In secondo luogo, l’attrice contestava di non aver manifestato idoneo consenso all’intervento di cui è causa, in quanto il dottor B. si era limitato a far sottoscrivere il relativo modulo nell’immediatezza dell’intervento e dunque in maniera frettolosa, senza illustrarne il contenuto.
Infine, l’attrice allegava che la necessità di ricorrere ad un secondo intervento aveva determinato una serie di conseguenze negative sulla propria salute psico-fisica, tanto da cagionare anche l’interruzione di una gravidanza.
Al riguardo, occorre rilevare che l’attrice nella memoria di osservazioni critiche alla CTU in data 31.01.2008, espressamente rinunciava alla richiesta di risarcimento del danno derivante dall’interruzione della gravidanza.
Inoltre, dalla documentazione prodotta e dall’espletata consulenza tecnica d’ufficio, risulta provato:
che le caratteristiche fisiche dell’attrice, sia il grado iniziale di ptosi sia la qualità viscoelastica della cute, non mostrano una situazione clinica tale da far configurare la scelta della tecnica adottata dalla parte convenuta come comportamento sanitario imperito, imprudente o negligente;
che, infatti, come rilevato dai CTU, nel caso specifico l’intervento di impianto di protesi mammaria in un piano sopramuscolare eseguito dal dottor B. risulta progettato ed eseguito a regola d’arte, secondo una tecnica condivisa dalla gran parte dei chirurghi plastici, ed in modo tale da ottenere un risultato accettabile nella media dei pazienti;
che, inoltre, la circostanza che la paziente si sia dichiarata soddisfatta del risultato ottenuto con il secondo intervento chirurgico (del dottor L.) non comprova né mancanza di diligenza né erronea scelta chirurgica nell’intervento eseguito dal dottor B.;
che, come sottolineato dai CTU, entrambi gli interventi sono ben codificati, progettati ed eseguiti a regola d’arte che portano a risultati estetici differenti per alcuni aspetti (come ad esempio un maggior riempimento del polo superiore nell’intervento eseguito dal dottor L. e un aspetto più naturale delle mammelle in quello eseguito dal dottor B.);
che, per quanto attiene al processo di informazione e acquisizione di un valido consenso informato, incombe sul medico un preciso obbligo di ottenere il consenso del paziente, dopo averlo preventivamente informato (Cass. n. 7027/2001).
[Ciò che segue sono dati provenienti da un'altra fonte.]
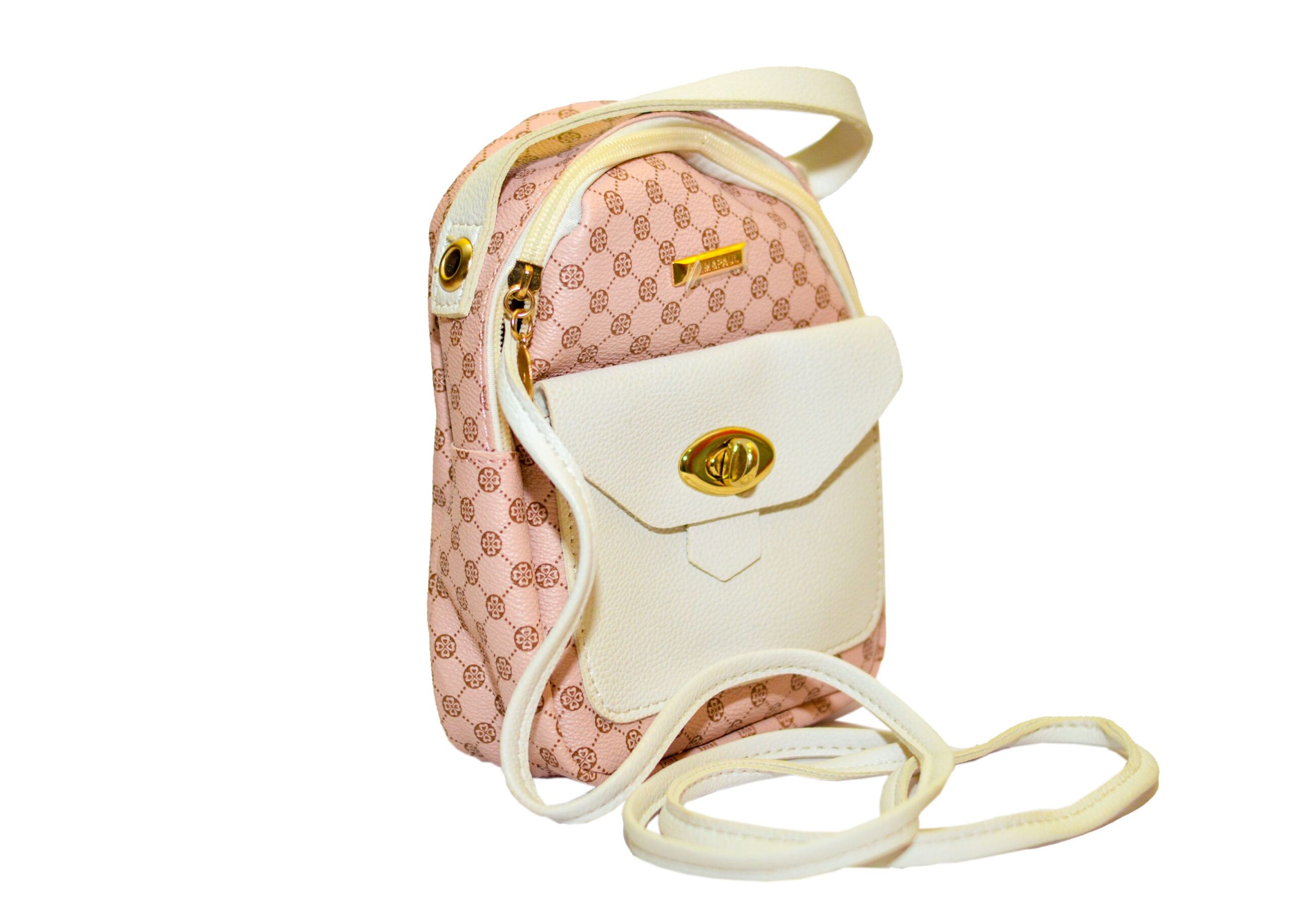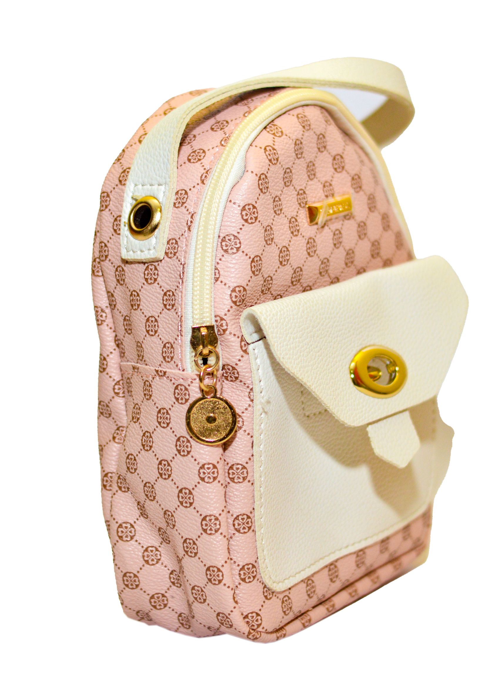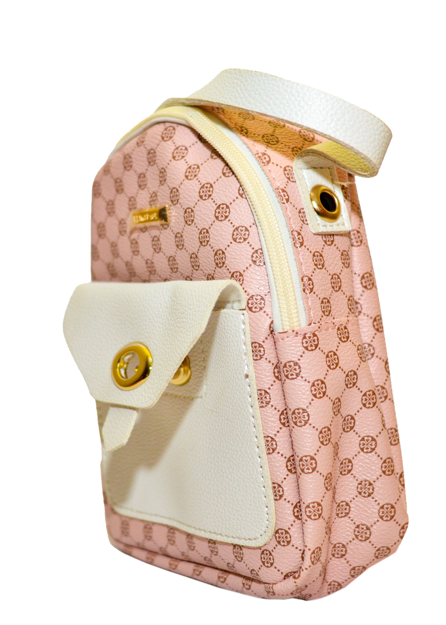 Small dome pocket front bag with geometric pattern.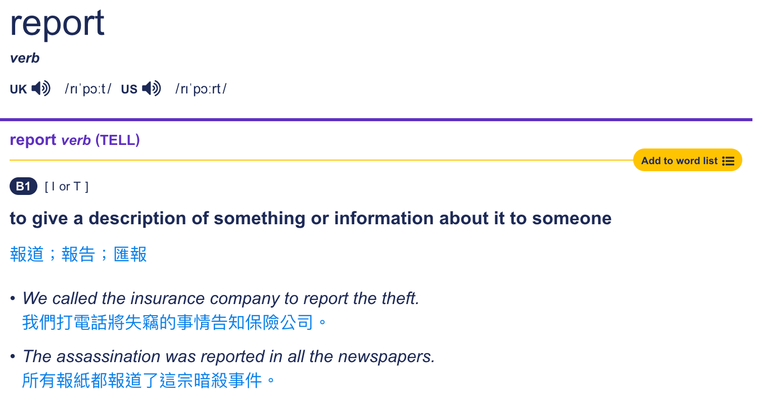 而 report 则会用在一些更为正式的语境下,比如新闻的报告,会说 news report。或者更多会用于表达书面报告的意思,比如一些机构出的一份详细的报告,则会用report,像我们常听到的 jobs report 就是就业报告。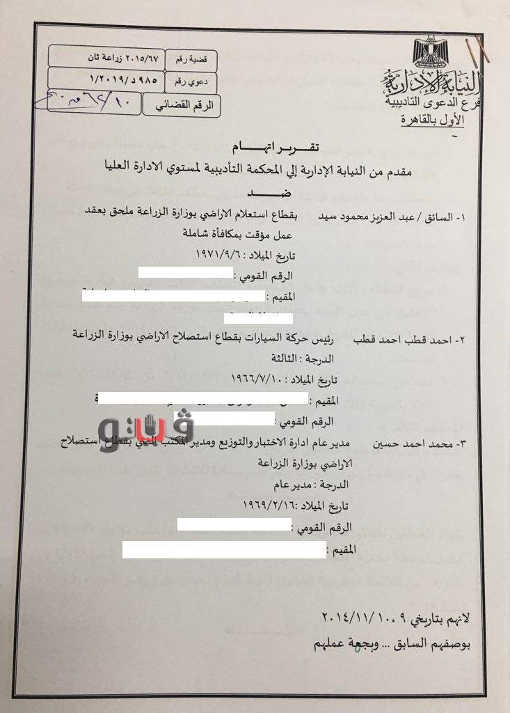 عليا إحالة مدير عام بقطاع استصلاح الأراضي بوزارة الزراعة وآخرين من مساعديه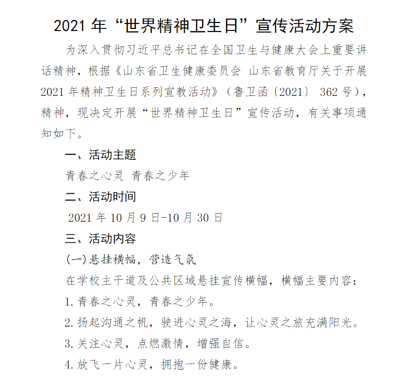 10月10日是世界精神卫生日,为深入贯彻习近平总书记在全国卫生与健康大会上重要讲话精神,根据《山东省卫生健康委员会 山东省教育厅关于开展 2021 年精神卫生日系列宣教活动》(鲁卫函〔2021〕362 号),普及心理健康知识,提高大学生对精神疾病的科学认识,推动形成理解、接纳、关爱心理问题同学的校园氛围,我校特组织开展山东化工职业学院世界精神卫生日系列活动。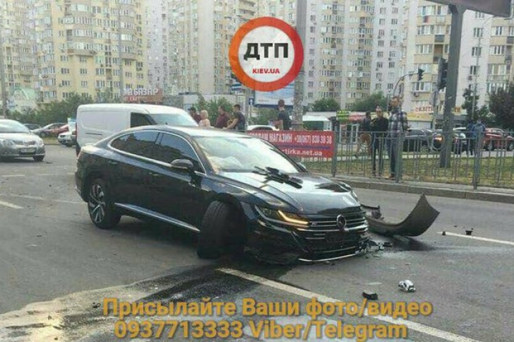 В Киеве на пересечении улиц Анны Ахматовой и Урловской столкнулись два легковых автомобиля - Volkswagen Arteon и Daewoo Lanos.

L’informazione deve essere relativa alla “natura dell’intervento medico e chirurgico, alla sua portata ed estensione, ai rischi, ai risultati conseguibili, alle possibili conseguenze negative, alla possibilità di conseguire il medesimo risultato attraverso altri interventi e ai rischi di questi ultimi”; il paziente deve essere messo concretamente in condizione di valutare ogni rischio ed ogni alternativa (Cass. n 364/1997; Cass. n. 10014/1994, e da ultimo vedi Cass. Sez. 3 – Sentenza n. 2747/2010);
che, nel caso di specie, come anche sottolineato dai CTU, la modulistica allegata al fascicolo documentale e chiaramente controfirmata dalla paziente può considerarsi, sotto il profilo informativo, esaustiva, chiara, completa ed attinente alla tipologia dell’intervento prospettato, nonché proporzionato al grado culturale in materia sanitaria della paziente;
che, infatti, nella fattispecie, si ravvisa una chiara descrizione della tipologia dell’intervento (mastoplastica additiva), della tecnica chirurgica prospettata, delle sue indicazioni, complicanze ed alternative terapeutiche, nonché dei rischi statisticamente correlati alla procedura medesima;
che, inoltre, anche in sede di visita clinica pre-operatoria, il convenuto esplicitava alla cliente la tipologia dell’intervento in fieri (mastoplastica additiva), unitamente alle specifiche indicazioni estetiche ed alle caratteristiche dei risultati tecnicamente attendibili, nonché alle eventuali alternative terapeutiche ed ai rischi e complicanze ad esso correlate (come confermato anche dalla teste S.C.).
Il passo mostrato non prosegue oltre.